Я испытывала огромное, всепоглощающее чувство любви к прошлому и к настоящему: она властно заполняла все пространство вокруг меня. Любовь моих родителей друг к другу; любовь Констанцы к Штерну и его любовь к ней: любовь, которая выстояла и которая ушла. Открыв дверь, я вышла на утренний воздух.
Как много мест надо посетить в последний раз: я пошла к бельведеру, где когда-то мой отец читал роман Вальтера Скотта, из которого когда-то Дженна и мой отец наблюдали, как проходит комета. Я посмотрела на окно детской наверху, где маленький ребенок планировал убийство своего отца, за которым она шпионила.

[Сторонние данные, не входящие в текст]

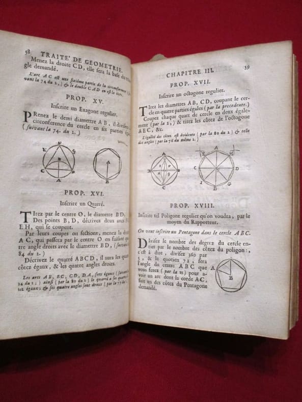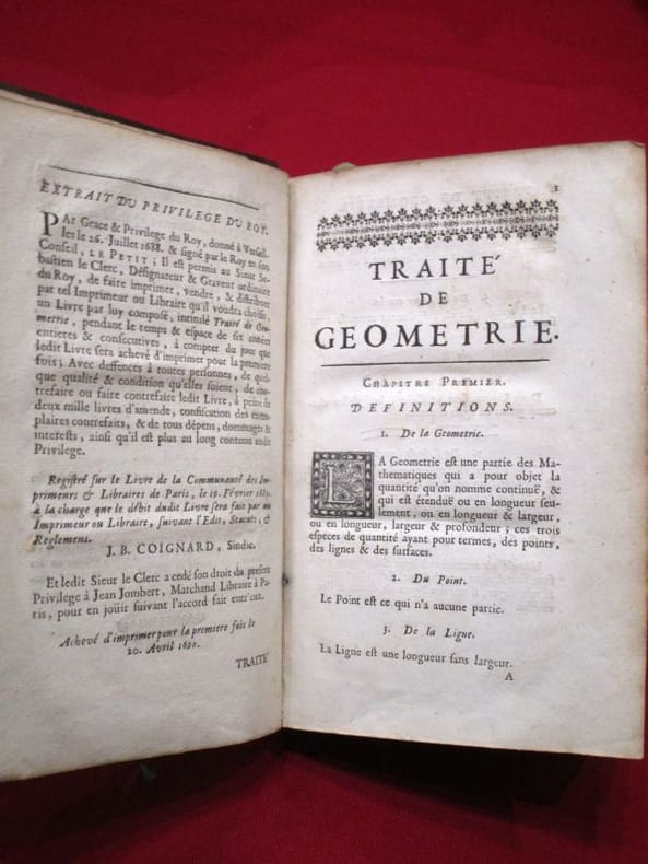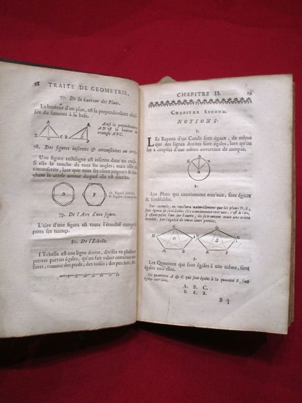 1735 Paris, David, 1735 ; in-12 , 16 x 10 cm, 5 f.n.ch., 503 pp. Plein veau d'époque, dos à nerfs orné et pièce de titre. Bel exemplaire complet de ce traité de géométrie, d'algèbre et d'arithmétique agrémenté de gravures sur bois dans le texte.

Схватка Констанцы и Эдди Шоукросса завершилась его смертью. Констанца могла убить своего отца, подумала я, но первым делом она убила самое себя: оба они, и отец и ребенок, стали жертвой убийства.

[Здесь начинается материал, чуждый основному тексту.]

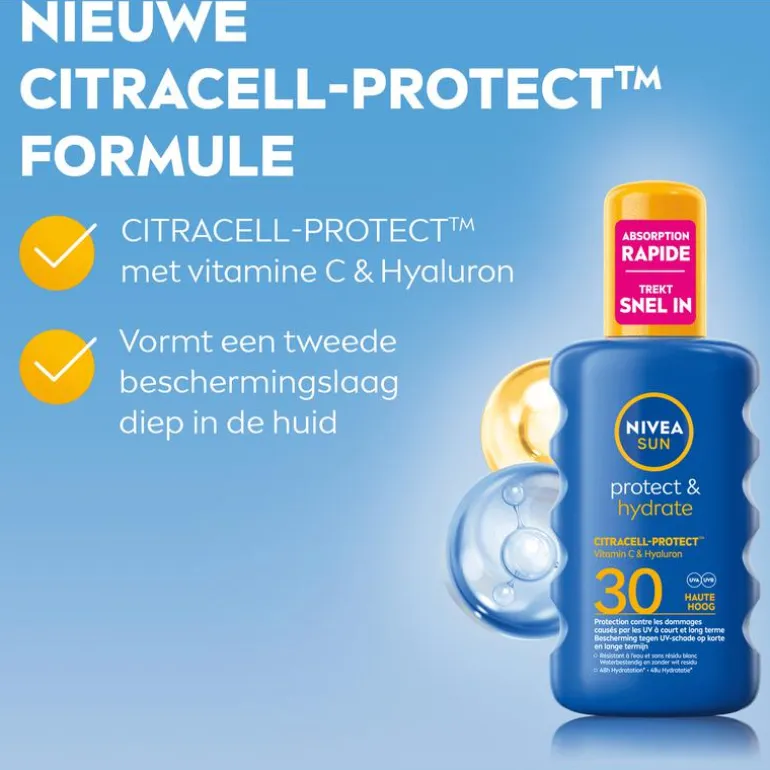 Geef je huid de bescherming die het verdient met de NIVEA SUN Protect & Hydrate Spray SPF30. Deze zonnespray biedt betrouwbare UVA/UVB-bescherming en beschermt je huid tegen UV-schade op korte en lange termijn. Dankzij de innovatieve CitraCell-ProtectTM-formule met vitamine C en hyaluron wordt een extra beschermingslaag gecreëerd die je huid niet alleen beschermt, maar ook hydrateert. De lichte formule trekt snel in, is eenvoudig aan te brengen en laat geen vettig gevoel of wit residu achter.Met een hydraterende werking die tot 48 uur* aanhoudt, zorgt deze zonnebrand spray ervoor dat je huid zacht en gezond aanvoelt, zelfs tijdens intensieve blootstelling aan de zon. Of je nu op zoek bent naar een effectieve zonnebrandcrème gezicht, een handige zonnebrand spray voor onderweg, of een betrouwbare keuze voor de hele familie, deze zonnespray voldoet aan al je verwachtingen.Perfect te combineren met je favoriete aftersun voor een complete zonverzorgingsroutine. *Instrumentele test, 43 vrijwilligers
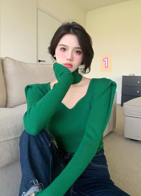 2022春秋新作 レディース 女 長袖 無地 ニット トップス Tシャツ インナー 6色
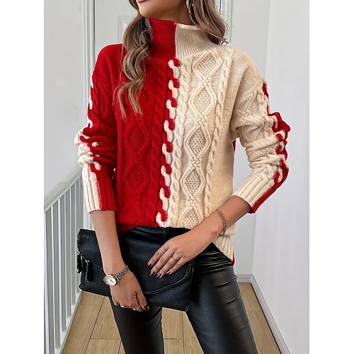 Per donna Felpa Casual Morbido Blocco di colori A Coste Collo alto Lavorato a maglia Manica Lunga Top Regolari Maglia All'aperto Quotidiano Weekend Nero Rosso Autunno Inverno
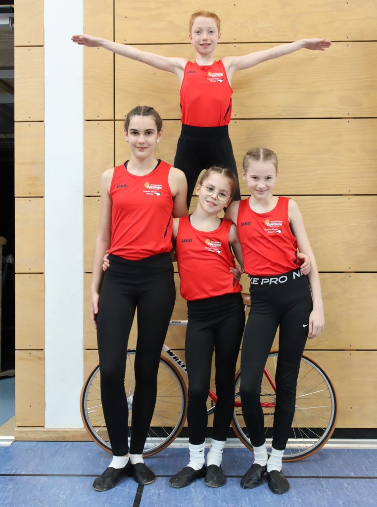 Ebenfalls qualifiziert war die 4er Einrad Mannschaft der Schülerinnen U15 mit Saskia Laux, Antonia Herbert, Christina Herbert und Lilly Wolujewicz. Sie präsentierten ebenfalls ein sauberes Programm und verpassten so nur knapp das Treppchen und wurden am Ende mit 54,34 Punkten Vierter.

Наконец я повернула к озеру. Я прошлась вдоль берега, среди сухих стеблей камыша. Я видела, как с воды взлетела серая цапля. И я подумала, теперь я могу это сделать: я пройдусь через лес до той поляны.
Я двинулась по тропе, по которой, должно быть, шел Шоукросс в ту ночь. Летом, должно быть, она совсем скрывалась из виду, даже осенью она была еле заметна. Стояло раннее утро, и я шла по ней. Лес был полон птичьего щебета. В нем было светло, и солнце пробивалось сквозь голые ветви. Я увидела оленью тропу, проложенную сквозь заросли. Я с надеждой перевела дыхание и, полная оптимизма, пошла дальше.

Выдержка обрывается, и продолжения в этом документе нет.